** Opening Exercise data block **

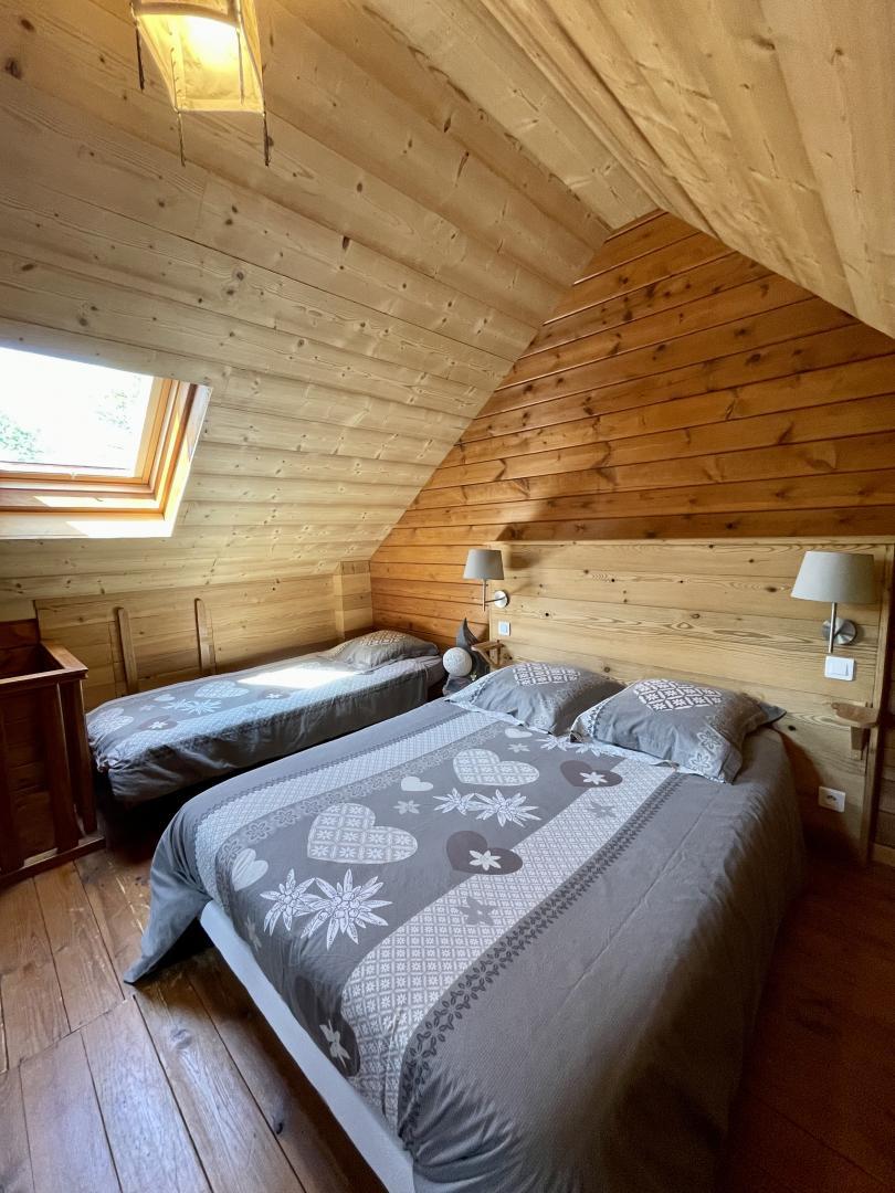 Philippe et Sandrine vous accueillent pour un séjour d'exception dans un environnement chaleureux et convivial. Venez profiter de ce gîte pour 2 ou 3 personnes. Il se compose d'une pièce à vivre avec cuisine, salle à manger et salon (dvd-usb, chaine hifi), salle de bain/détente avec une baignoire en bois originale, sauna, wc. A l'étage, une chambre mezzanine avec 1 lit 2pl et 1 lit 1pl. Le gîte dispose d'une terrasse privative avec salon de jardin et barbecue. Vaste terrain en commun avec 2 autres gîtes. Vous pourrez également profiter de la balançoire, du terrain de pétanque ainsi que de l'espace détente : piscine (uniquement en saison estivale, en commun et soumise à horaires), chalet sauna, bain nordique (en commun et soumis à horaires). Les gîtes peuvent être loués ensemble en cas de regroupement familiale. Lits faits à l'arrivée. A découvrir absolument www.giteslescherubins.com
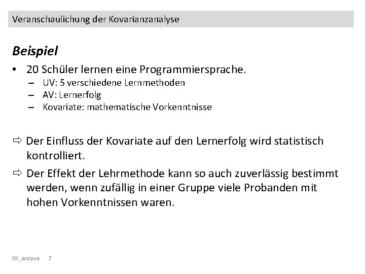 Veranschaulichung der Kovarianzanalyse Regression • Residuum = nicht durch Prädiktor (x) vorhersagbarer „Rest“ des Kriteriums (y). • Varianz der Residuen (Streuung der Datenpunkte um die Regressionsgerade) = nicht vorhergesagte (erklärte) Varianz 09_ancova 6
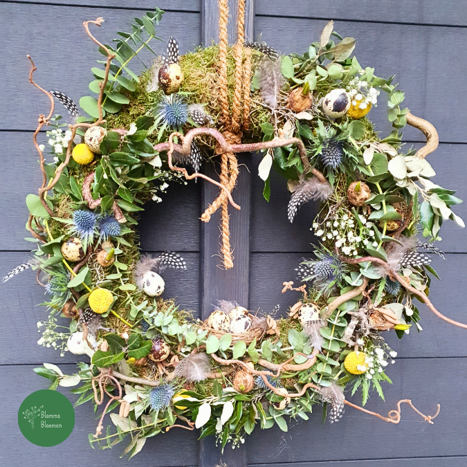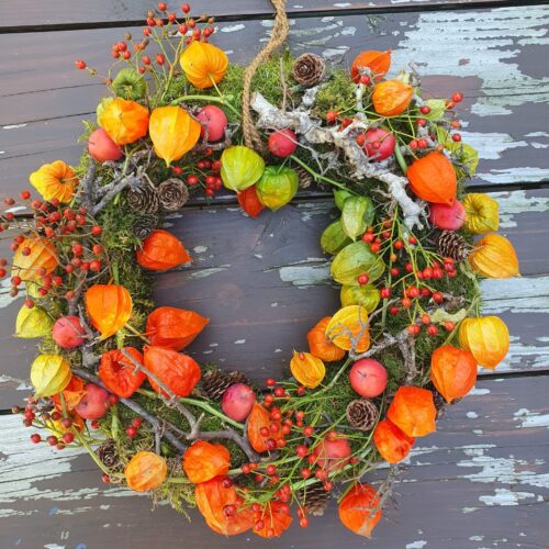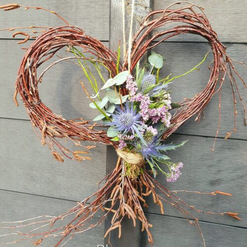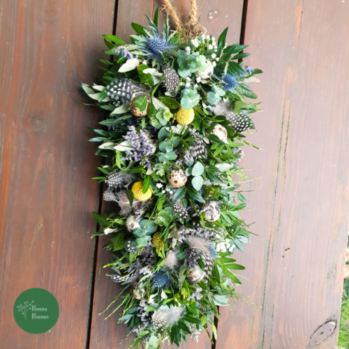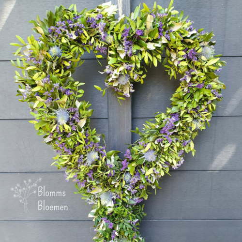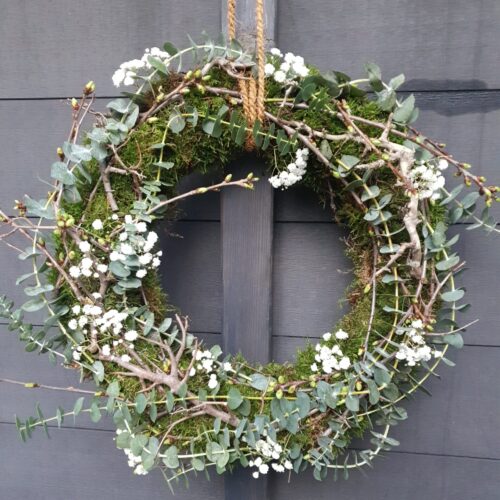 Met natuurlijke materialen die mooi indrogen zodat je er lang plezier van hebt. Denk aan een krans, toef of kruiktoef met mos, steeneik, eucalyptus, olijf, berk, bonsai, tijm, bosbes, distel en/of limonium. Gebonden op touw of strokrans. Ook zijn kransen op steekschuim met meer verse bloemsoorten mogelijk. Altijd aangevuld met verse materialen, kleuren en soorten die passen bij het seizoen.

** Closing Exercise data block **

Work required: Write out exactly the opening lines of the data, stopping after the line that holds "Veranschaulichung der Kovarianzanalyse". Exclude pictures.

Exercise output:
 Philippe et Sandrine vous accueillent pour un séjour d'exception dans un environnement chaleureux et convivial. Venez profiter de ce gîte pour 2 ou 3 personnes. Il se compose d'une pièce à vivre avec cuisine, salle à manger et salon (dvd-usb, chaine hifi), salle de bain/détente avec une baignoire en bois originale, sauna, wc. A l'étage, une chambre mezzanine avec 1 lit 2pl et 1 lit 1pl. Le gîte dispose d'une terrasse privative avec salon de jardin et barbecue. Vaste terrain en commun avec 2 autres gîtes. Vous pourrez également profiter de la balançoire, du terrain de pétanque ainsi que de l'espace détente : piscine (uniquement en saison estivale, en commun et soumise à horaires), chalet sauna, bain nordique (en commun et soumis à horaires). Les gîtes peuvent être loués ensemble en cas de regroupement familiale. Lits faits à l'arrivée. A découvrir absolument www.giteslescherubins.com
 Veranschaulichung der Kovarianzanalyse Regression • Residuum = nicht durch Prädiktor (x) vorhersagbarer „Rest“ des Kriteriums (y). • Varianz der Residuen (Streuung der Datenpunkte um die Regressionsgerade) = nicht vorhergesagte (erklärte) Varianz 09_ancova 6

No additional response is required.